Un constat dont il a tiré la nécessité de « maîtriser le déficit du budget de l’Etat, le taux d’endettement, et de rechercher l’équilibre entre une fiscalité qui contribue à rétablir le taux de croissance par le soutien de l’entreprise, l’incitation à l’investissement privé , d’une part,  et la consolidation des ressources fiscale, l’amélioration du recouvrement de l’impôt et la lutte contre l’évasion fiscale en tenant compte du pouvoir d’achat du citoyen , d’autre part ».
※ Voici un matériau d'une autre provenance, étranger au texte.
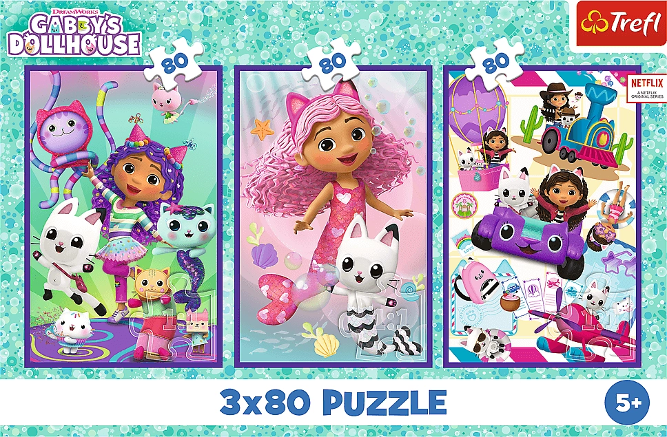 Descubre escenas llenas de color de las aventuras de GABBY y sus amigos gatunos. Tres puzzles independientes de 80 piezas brindan a los niños largas horas de diversión creativa, desarrollan la paciencia, la concentración y la motricidad fina y fomentan la imaginación visual.

Le tout-impôt ou presque !

Des objectifs  qui seront jumelés à d’autres de nature purement fiscale, singulièrement celles élargissant l’assiette de la taxe sur la valeur ajoutée (TVA) et réduisant la liste des exonérations sur la TVA pour certains produits et services. Il en sera ainsi des médicaments et des produits pharmaceutiques importés dont les similaires ne sont pas produits localement, qui seront assujettis à une TVA de 6%, autant que pour les produits de la même nature fabriqués localement où ce taux est appliqué aux termes de la LF 2016. Idem pour la location des établissements meublés destinés à l’hébergement des étudiants ( foyers privés) à l’instar des services des jardins d’enfants, de l’enseignement, et des cantines scolaires et les restaurants universitaires. Au même taux seront taxées l’importation et la vente des livres, ouvrages et publications assimilées, ainsi que produits servant à l’impression des journaux, des publications périodiques, des brochures et plaquettes publicitaires et touristiques, à l’exclusion du papier  pour journaux.
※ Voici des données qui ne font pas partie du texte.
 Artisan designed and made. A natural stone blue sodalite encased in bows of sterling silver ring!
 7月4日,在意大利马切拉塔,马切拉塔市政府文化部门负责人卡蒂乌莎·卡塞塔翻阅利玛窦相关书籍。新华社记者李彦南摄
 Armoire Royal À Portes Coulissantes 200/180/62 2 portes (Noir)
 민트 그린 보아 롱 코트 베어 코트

Passeront également à la moulinette, mais au taux de 18%, l’importation et la vente des équipements et produits relatifs aux activités culturelles, comme ceux de la sonorisation et l’éclairage, les instruments de musique, les produits utilisés dans les arts plastiques, de même que les opérations liées à la production, la distribution et les représentations théâtrales,  les manifestations musicales, littéraires et cinématographiques. S’y ajoutent l’importation et la vente des équipements et produits destinés aux activités sportives, et à l’animation  éducative et sociale, la production de films cinématographiques et télévisuels.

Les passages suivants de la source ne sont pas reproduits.